Records supplied:
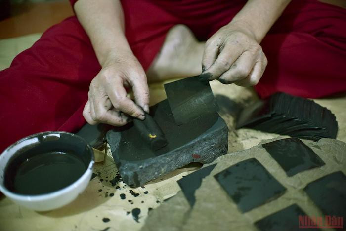 Chinese ink is spread on seed leaves. Cooking glue to make ink from buffalo skin also requires great effort.
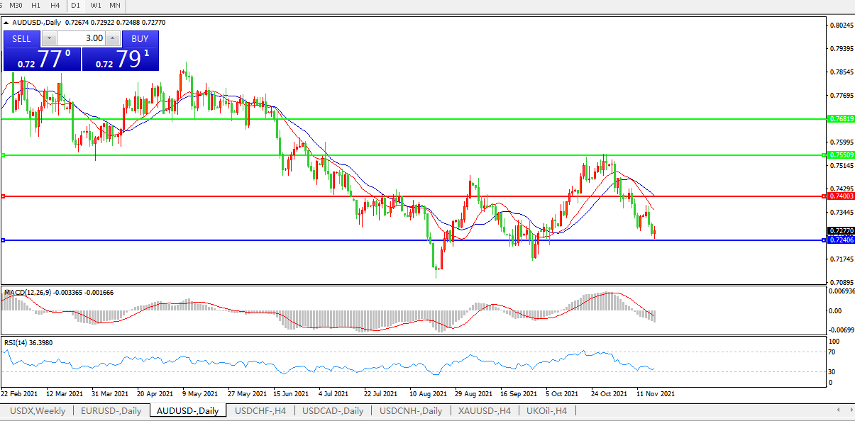交易策略:0.7400下方看跌,目标0.7240、0.7080
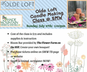 “Light” up your afternoon at Shade Mountain Winery & Vineyards by making candles under the tutelage of The Olde Loft candle crafters! The Team at The Olde Loft (Richard Road, Middleburg) have taken on the craft of candle making and are looking forward to imparting their expertise on to you!
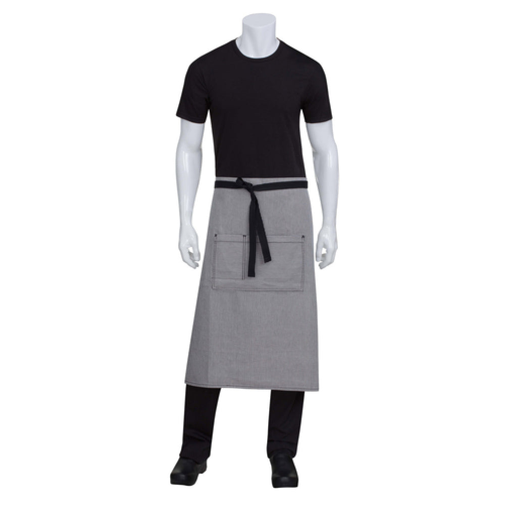 The Chef Works AW051-BLK-0 Portland Bistro Apron is a commercial-grade waist apron designed for professional foodservice environments. Crafted from a durable 83/17 cotton/polyester denim blend, this apron measures 30 inches in length and 31-1/2 inches in width, offering ample coverage and strength for high-volume kitchen tasks. Its feature set includes contrast tape ties for secure fastening, crisscross bar tacks for added durability, and a large front pocket with a dedicated cell phone divide—optimizing workflow and organization in busy kitchen settings. Ideal for restaurants, catering, and hospitality operations, this apron balances rugged material performance with functional design and professional appearance, making it suitable for demanding culinary workflows requiring resilience and practicality.
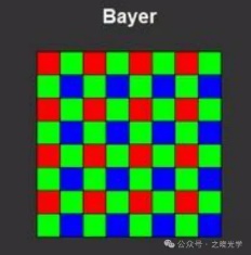 对于彩色图像,还需要介绍拜尔阵列。拜尔阵列(Bayer filter array)是数码摄影中用于实现色彩分离的一种滤光片阵列。它由红、绿、蓝三种滤光片按照特定的排列方式组成,覆盖在图像传感器的感光元件上。由于拜尔阵列的滤光片具有方向性,对入射光的方向较为敏感,因此对主光线入射角有一定的要求。
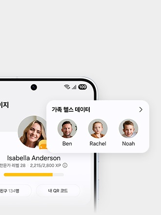 친구와 건강 데이터를 공유하려면 갤럭시 스마트폰에서 삼성 헬스를 열어 내 페이지를 탭하세요. 건강 데이터 공유를 탭하고 '공유 요청하기'나 '공유하기'를 탭하세요.
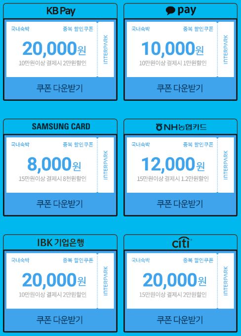 또 사이트별로 추가 혜택도 있으니 사이트별로 둘러보시고 본인에게 가장 많은 혜택을 받을 수 있는 사이트를 이용하시면 좋을 것 같아요. 저는 인터파크 사이트에서 숙박 할인권 다운로드 및 예약하는 모습을 보여드리도록 할게요.
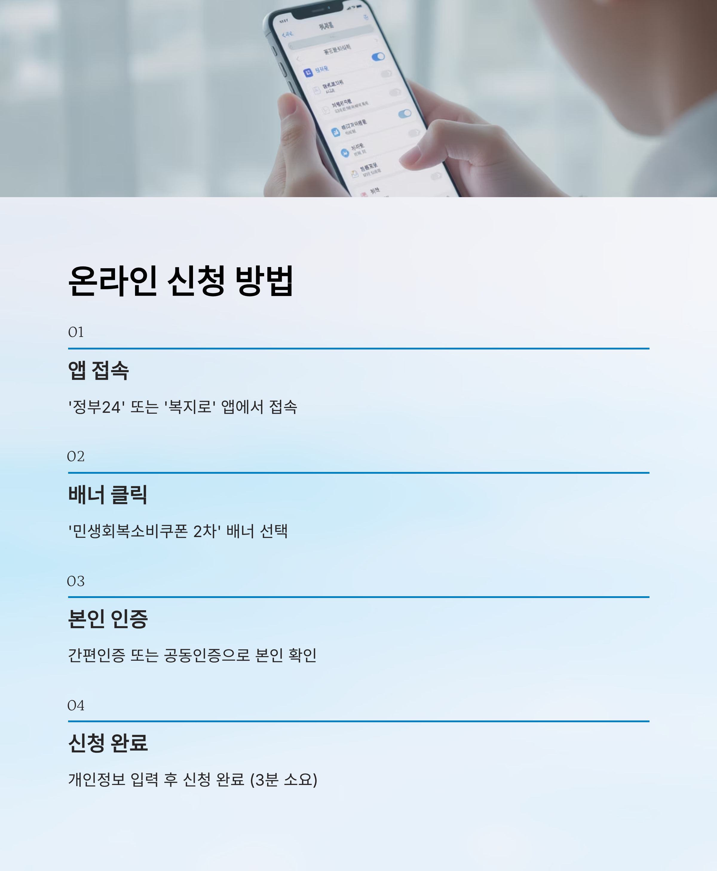 스마트폰을 사용하는 경우, '정부24' 또는 '복지로' 앱에서 본인 인증을 한 뒤 '민생회복소비쿠폰 2차' 배너를 클릭하면 신청 절차가 시작돼요. 총 소요 시간은 3분도 안 걸려요. 공인인증서 없이도 간편 인증만 있으면 끝!

Work required: The full material above must be output verbatim, minus any pictures.

Task response:
 Chinese ink is spread on seed leaves. Cooking glue to make ink from buffalo skin also requires great effort.
交易策略:0.7400下方看跌,目标0.7240、0.7080
 “Light” up your afternoon at Shade Mountain Winery & Vineyards by making candles under the tutelage of The Olde Loft candle crafters! The Team at The Olde Loft (Richard Road, Middleburg) have taken on the craft of candle making and are looking forward to imparting their expertise on to you!
 The Chef Works AW051-BLK-0 Portland Bistro Apron is a commercial-grade waist apron designed for professional foodservice environments. Crafted from a durable 83/17 cotton/polyester denim blend, this apron measures 30 inches in length and 31-1/2 inches in width, offering ample coverage and strength for high-volume kitchen tasks. Its feature set includes contrast tape ties for secure fastening, crisscross bar tacks for added durability, and a large front pocket with a dedicated cell phone divide—optimizing workflow and organization in busy kitchen settings. Ideal for restaurants, catering, and hospitality operations, this apron balances rugged material performance with functional design and professional appearance, making it suitable for demanding culinary workflows requiring resilience and practicality.
 对于彩色图像,还需要介绍拜尔阵列。拜尔阵列(Bayer filter array)是数码摄影中用于实现色彩分离的一种滤光片阵列。它由红、绿、蓝三种滤光片按照特定的排列方式组成,覆盖在图像传感器的感光元件上。由于拜尔阵列的滤光片具有方向性,对入射光的方向较为敏感,因此对主光线入射角有一定的要求。
 친구와 건강 데이터를 공유하려면 갤럭시 스마트폰에서 삼성 헬스를 열어 내 페이지를 탭하세요. 건강 데이터 공유를 탭하고 '공유 요청하기'나 '공유하기'를 탭하세요.
 또 사이트별로 추가 혜택도 있으니 사이트별로 둘러보시고 본인에게 가장 많은 혜택을 받을 수 있는 사이트를 이용하시면 좋을 것 같아요. 저는 인터파크 사이트에서 숙박 할인권 다운로드 및 예약하는 모습을 보여드리도록 할게요.
 스마트폰을 사용하는 경우, '정부24' 또는 '복지로' 앱에서 본인 인증을 한 뒤 '민생회복소비쿠폰 2차' 배너를 클릭하면 신청 절차가 시작돼요. 총 소요 시간은 3분도 안 걸려요. 공인인증서 없이도 간편 인증만 있으면 끝!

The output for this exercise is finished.